Sektör temsilcileri, son üç yılda gerçekleşen kapanış ve konkordatoların toplam istihdam kaybını 300 bine yaklaştırdığını açıklıyor. Enerji ve hammadde fiyatlarındaki artış, firmaların maliyet yapısını bozarken kâr marjlarını ciddi biçimde düşürdü. Birçok işletme için sürdürülebilirlik sorunu ortaya çıktı.

İhracatın lokomotif sektörlerinden olan tekstil, kurdaki baskı nedeniyle rekabet üstünlüğünü kaybetti.

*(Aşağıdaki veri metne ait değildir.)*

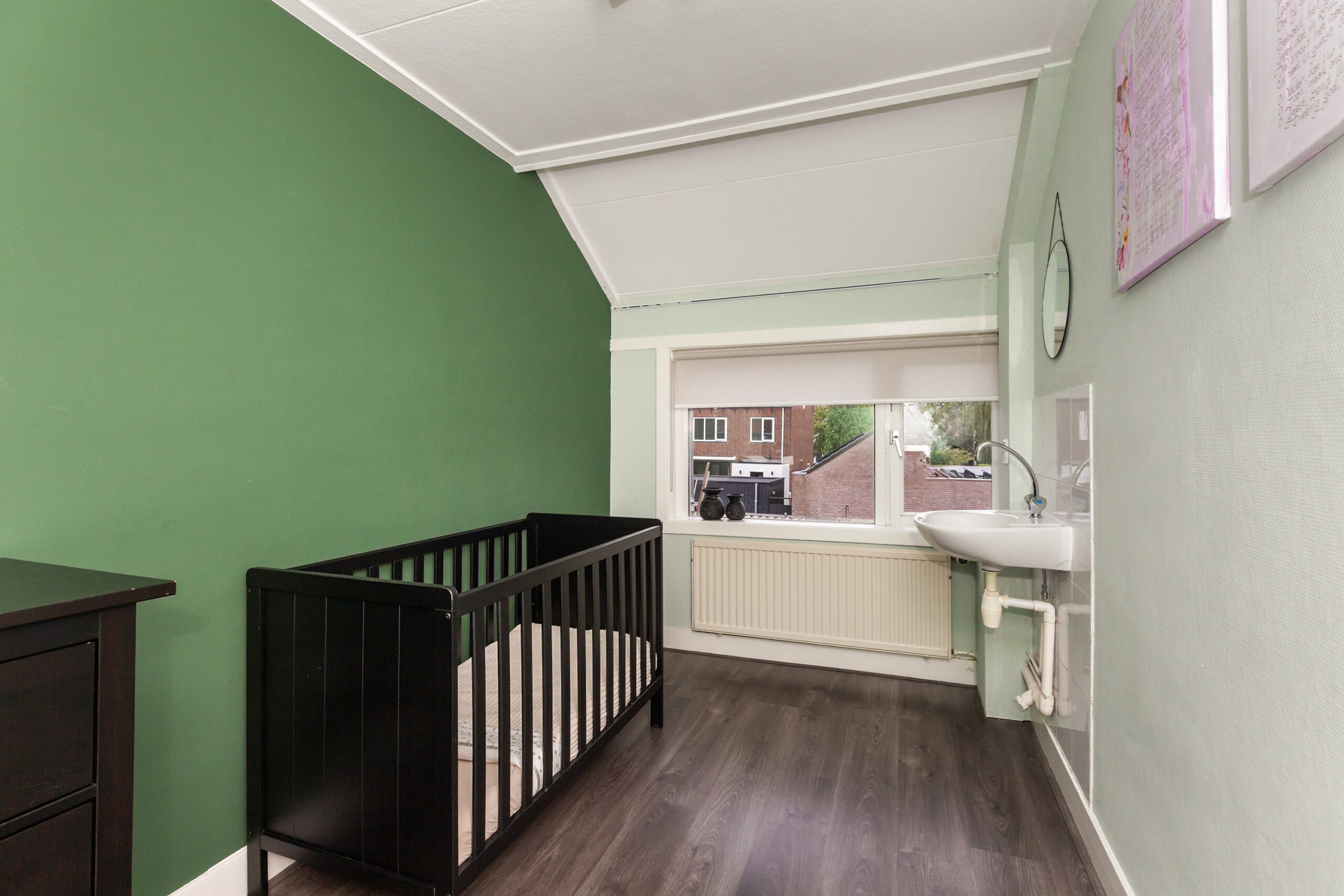 De tweede slaapkamer tref je aan de achterzijde en er is beschikking over een wastafel.
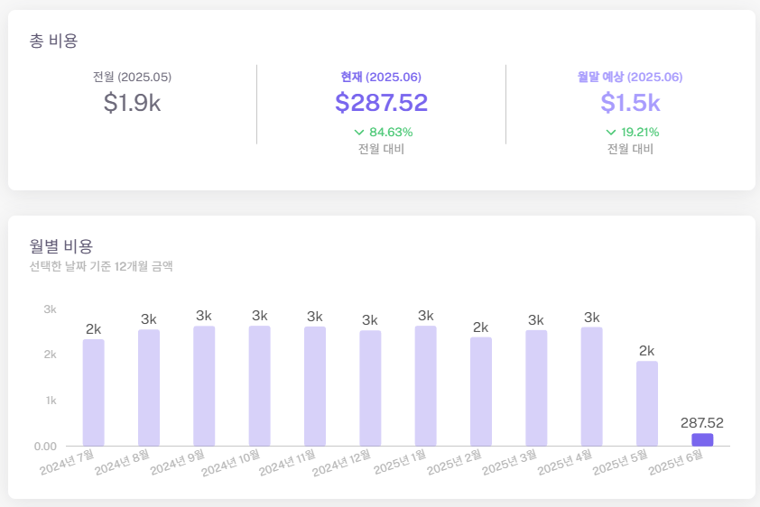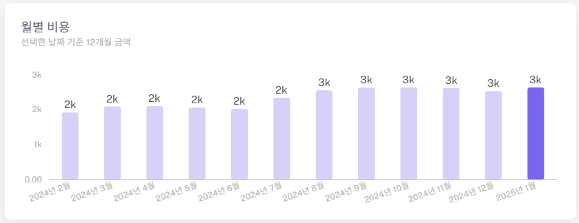 월별 비용 그래프를 보면, 2024년 6~7월부터 인프라 비용이 급격히 상승했다. 이는 당시 새롭게 추가된 기능이 고성능 EC2 인스턴스를 필요로 했기 때문이다. 개발 초기부터 비용 증가가 예상되었고, 이를 Lambda 기반으로 구축하자고 제안했지만, 팀 내에 Lambda에 익숙한 인원이 없어 결국 EC2로 구현하게 되었다.
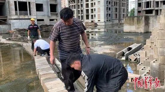 楼上断水,他们熟门熟路地去工地旁的水洼里,把一个小桶拴上绳子,放下水桶打一个翻打水洗脸、洗脚,甚至一个月只能洗一次澡,还去附近小区讨水做饭;
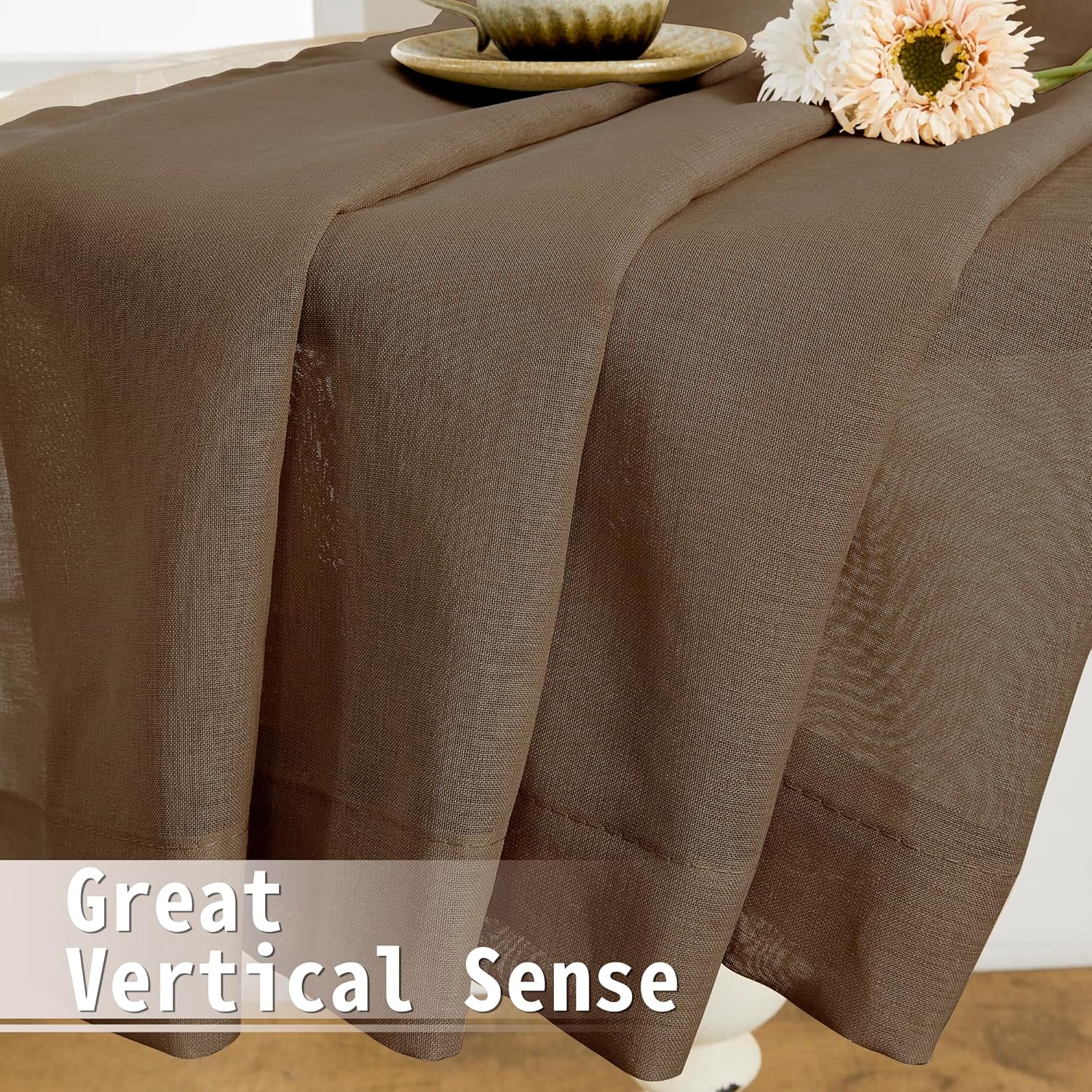 Tollpiz Sheer Door Curtain Closet Linen Textured Curtains Sheer Doorway Light Filtering Voile Patio Glass Door Rod Pocket Curtain French Door, 54 x 72 inches Long, Brown, Set of 1 Panel
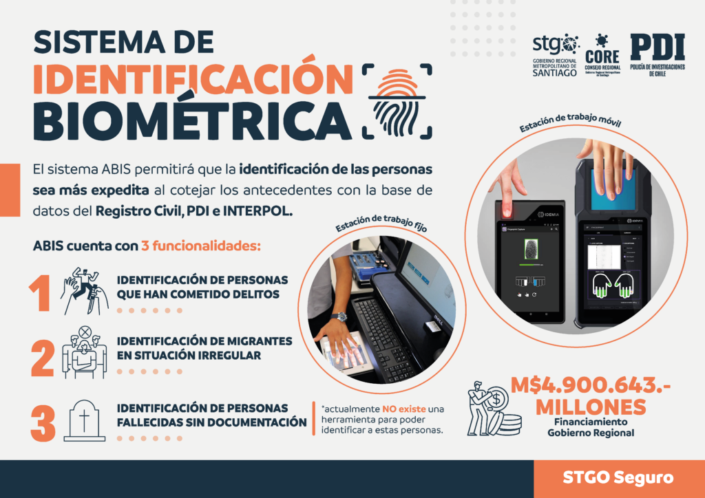 El proyecto permite la identificación de manera instantánea de quienes han cometido delitos, migrantes en situación irregular y personas fallecidas sin identificación, al comparar antecedentes en tiempo real con las bases de datos del Registro Civil, PDI e Interpol.
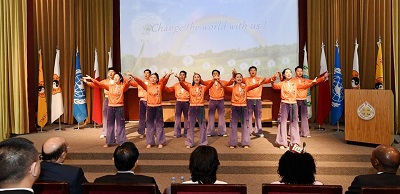 | 親訪團於巴林大學「2018愛與和平國際青年論壇」中,展演「We Can Change The World」,進行深度的雙向文化交流。 |
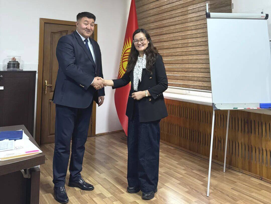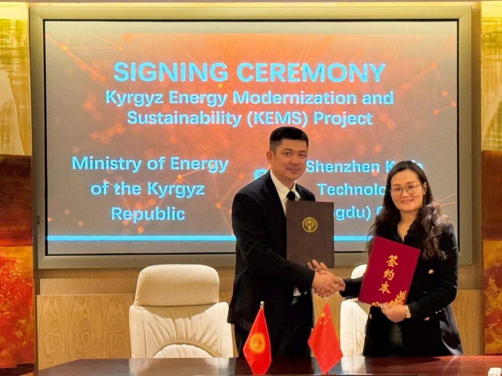 Left: General Manager of Kyrgyzstan State Grid Corporation Ilgiz Sydygaliev Right: Jin Lanyan, Marketing President of KAIFA International Marketing Department
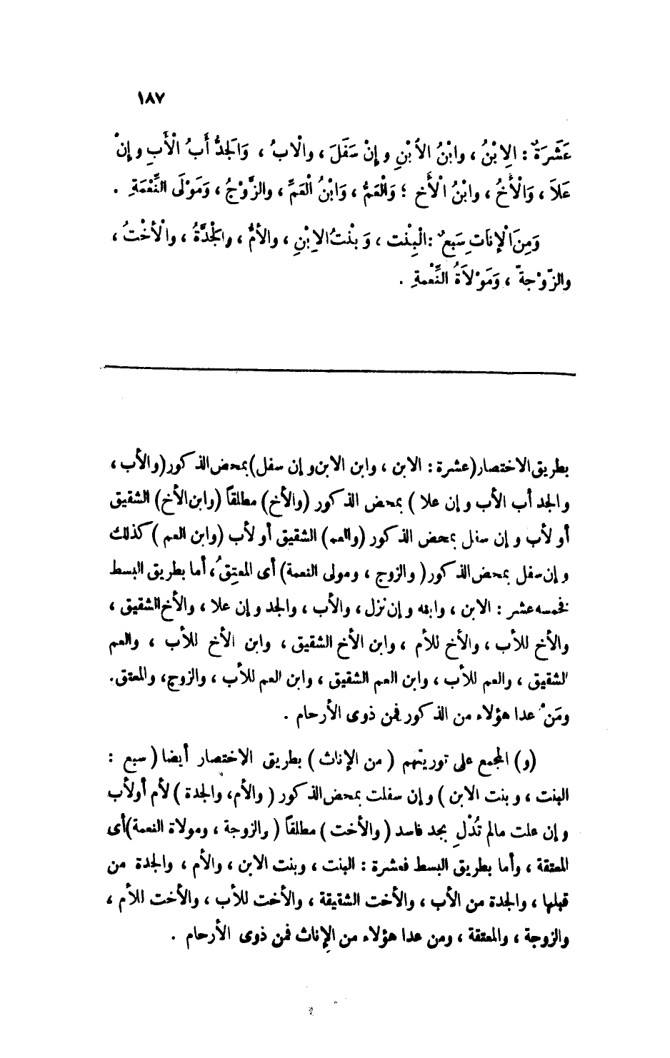 بطريق الاختصار (عشرة: الابن، وابن الابن وإن سفل) بمحض الذكور (والأب، والجد أب الأب وإن علا) بمحض الذكور (والأخ) مطلقاً (وابن الأخ) الشقيق أو الأب وإن سفل بمحض الذكور (والعم) الشقيق أو لأب (وابن العم) كذلك وإن سفل بمحض الذكور (والزوج، ومولى النعمة) أي المعتق، أما بطريق البسط فخمسة عشر: الابن، وابنه وإن نزل، والأب، والجد وإن علا، والأخ الشقيق، والأخ للأب، والأخ للأم، وابن الأخ الشقيق، وابن الأخ للأب، والعم الشقيق، والعم للأب، وابن العم الشقيق، وابن العم للأب، والزوج، والمعتق. ومن عدا هؤلاء من الذكور فمن ذوي الأرحام.
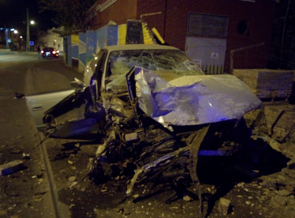 Ночью в центре Астрахани Тойота снесла кирпичную стену, есть пострадавшие
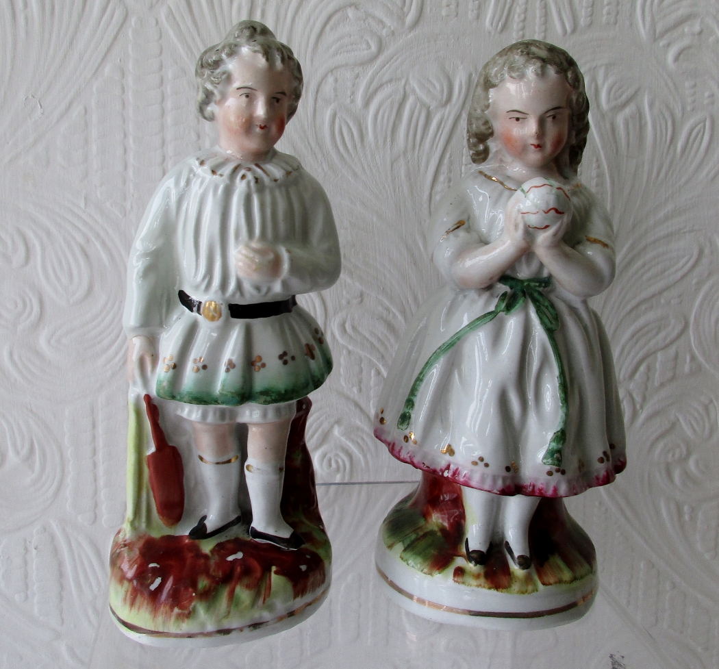 Pair of Antique English Victorian Staffordshire Pottery Figures ~ "Children At Play" C.1865
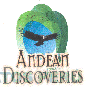 El logotipo conformado por la denominación ANDEAN DISCOVERIES escrita en letras características y la representación estilizada de un cóndor con las alas abiertas, conteniendo varias semi elipses arriba del nombre ANDEAN y del cóndor, en los colores verde (pantone 369C, 371C y 350C; blanco, negro 1505 C y 1485 C) y celeste (pantone 3125 C y 3105 C); conforme al modelo adjunto
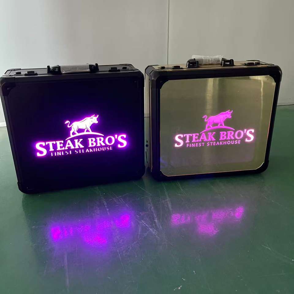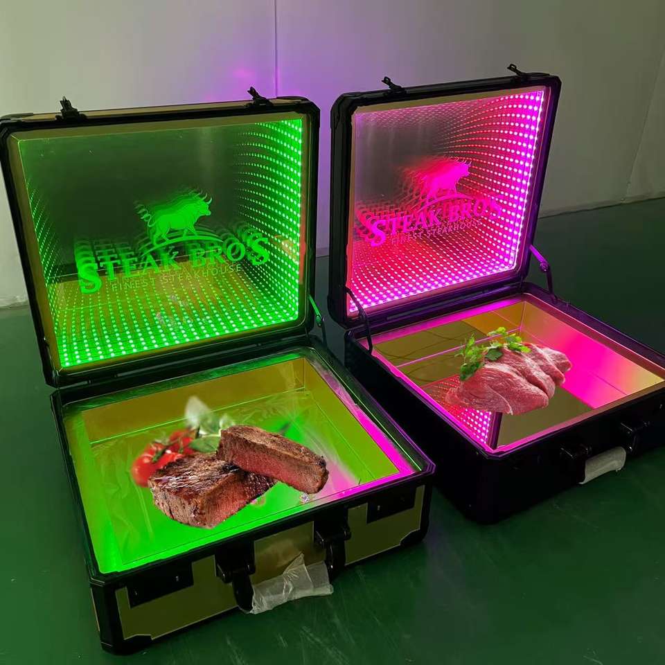 Bespoke Restaurant Hotel Bar Steakhouse Gold Mirror Beef Suitcase Meat Carrier Box LED Steak Briefcase Glorifier Display Case
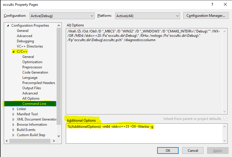 Next, go to C/C++ then Command Line and you should see a field called Additional Options just delete everything in there, and click apply.
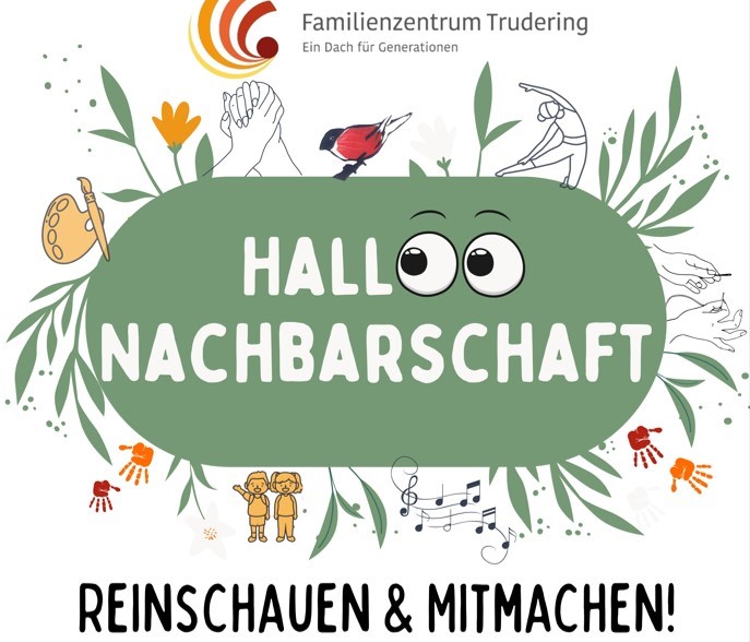 HallOO Nachbarschaft – Reinschauen & Mitmachen Es ist wieder so weit: Herzliche Einladung zu unserem Nachbarschaftsevent am Mittwoch, den 18. März von 17.30 – 19.30 Uhr mit vielfältigen Programmpunkten. Freuen Sie sich auf „Süßes&Salziges“ in unserem Dompfaff-Cafe. Das Team vom Familienzentrum Trudering, ein Dach für Generationen stellt sich und seine vielfältigen Projekte & Engagementmöglichkeiten vor. Machen Sie mit bei unserem ersten Vision-Board, gemeinsam wollen wir Impulse, Ideen, Perspektiven, Anregungen… für uns und die Nachbarschaft sammeln. … und zum Schluss wird getanzt… Eintritt frei – Spenden willkommen. Schaut rein – wir freuen uns auf Euch und Eure Ideen.

Enflasyonun hızla yükselmesine rağmen döviz kurunun aynı hızda artmaması, ihracatçının gelirini sınırladı. Avrupa’dan alınan siparişler gerilerken, Türk firmaları fiyat tutturmakta zorlandı. Siparişlerin bir bölümü Uzak Doğu ve Kuzey Afrika ülkelerine kaymaya başladı. Maliyet avantajının kaybı, firmaları kapatma ya da yurt dışına taşınma kararına yöneltti.

Burak Sertbaş, sektörün “ayakta ama yorgun” olduğunu belirterek 2025’in kırılma noktası olduğunu söyledi. Sertbaş, iş gücü kaybının rakamlarla da görülebilir hale geldiğini ifade ederek özellikle genç çalışanların farklı sektörlere yöneldiğini aktardı. Hazır giyim ve tekstilin Türkiye için sadece bir sanayi kolu değil, aynı zamanda bir istihdam deposu olduğu vurgulandı. 2026’da şartların kolay olmayacağı ancak orta vadede toparlanma ihtimalinin bulunduğu belirtiliyor. Sektör temsilcileri, üretimin desteklenmesi halinde yeniden güçlü büyüme yakalanabileceği görüşünde birleşiyor.